Omit all pictures, then repeat the listing exactly.

• **Provided material**
»»

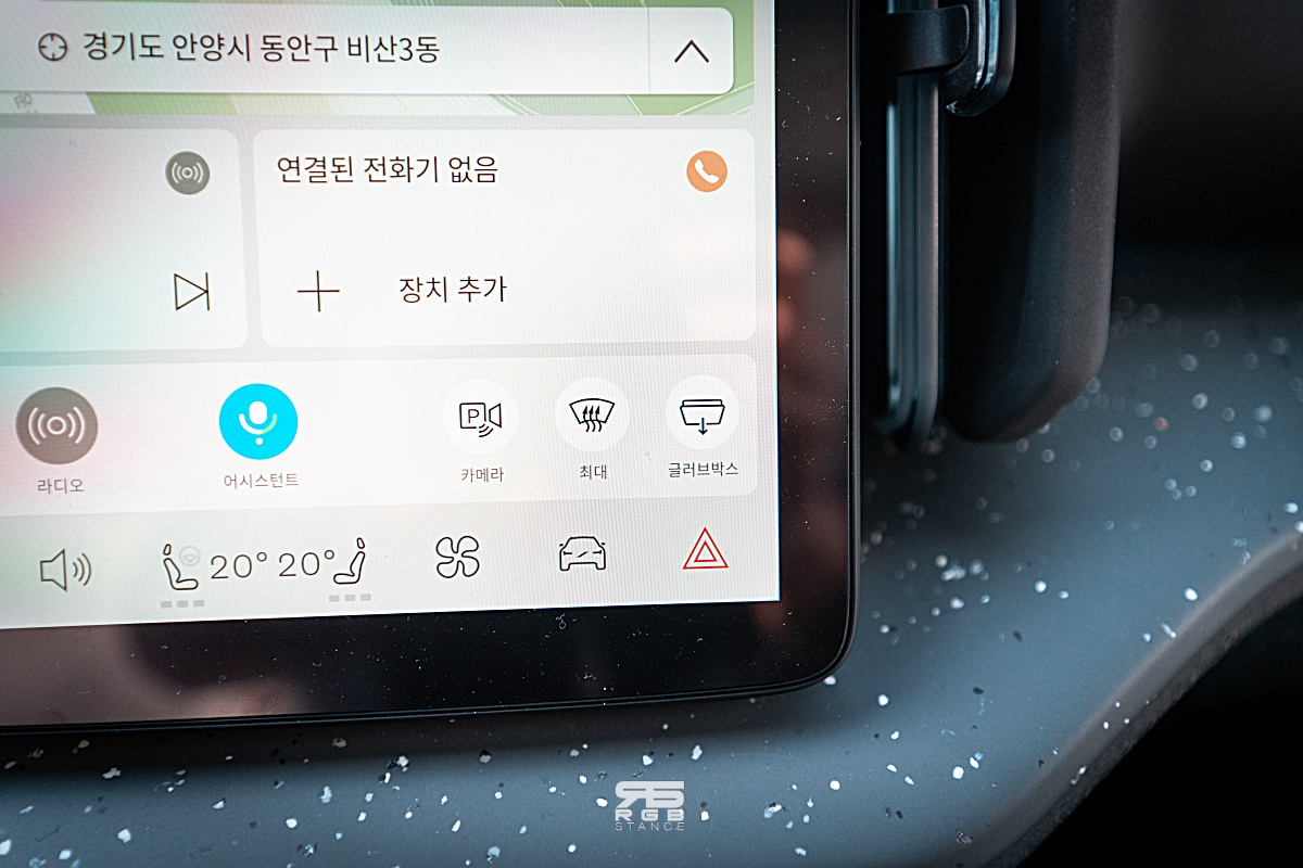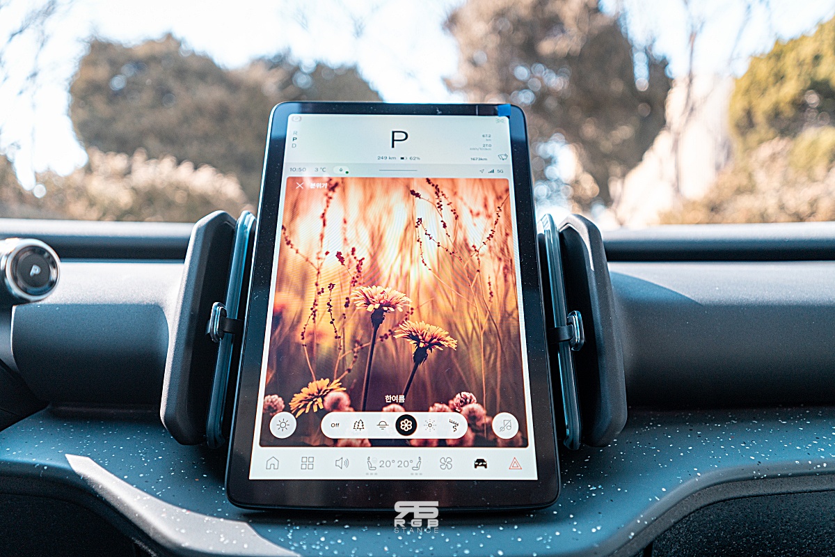 실내에서는 스티어링 휠과 센터 모니터가 눈에 들어온다. 그 외 물리 버튼들은 대거 삭제되었고, 윈도우 버튼은 실내공간 확보를 위해 센터 암레스트에 위치해 있다.
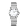 This 28 mm stainless steel model features a diamond-paved bezel, white mother-of-pearl dial with diamond hour markers and scratch-resistant sapphire crystal. The hands, OMEGA logo, Constellation star and diamond holders are in 18K white gold.
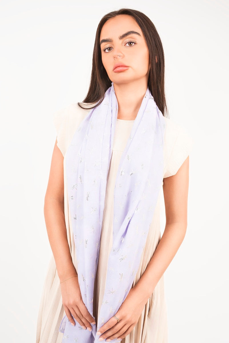 Metallic Dragonfly Print Lightweight Scarf
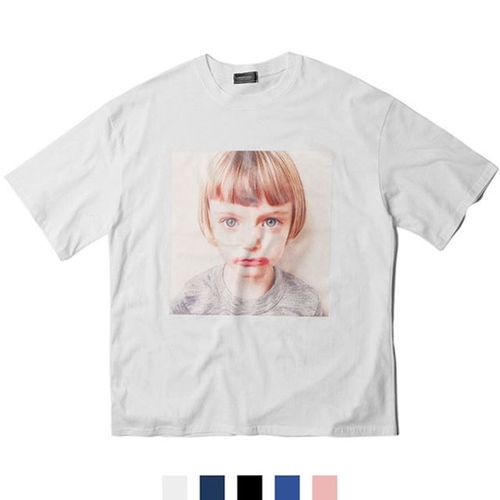 KING 남녀공용 울보아기 프린트 반팔티셔츠 WFKMXHT

««

• **Response to this exercise**
 실내에서는 스티어링 휠과 센터 모니터가 눈에 들어온다. 그 외 물리 버튼들은 대거 삭제되었고, 윈도우 버튼은 실내공간 확보를 위해 센터 암레스트에 위치해 있다.
 This 28 mm stainless steel model features a diamond-paved bezel, white mother-of-pearl dial with diamond hour markers and scratch-resistant sapphire crystal. The hands, OMEGA logo, Constellation star and diamond holders are in 18K white gold.
 Metallic Dragonfly Print Lightweight Scarf
 KING 남녀공용 울보아기 프린트 반팔티셔츠 WFKMXHT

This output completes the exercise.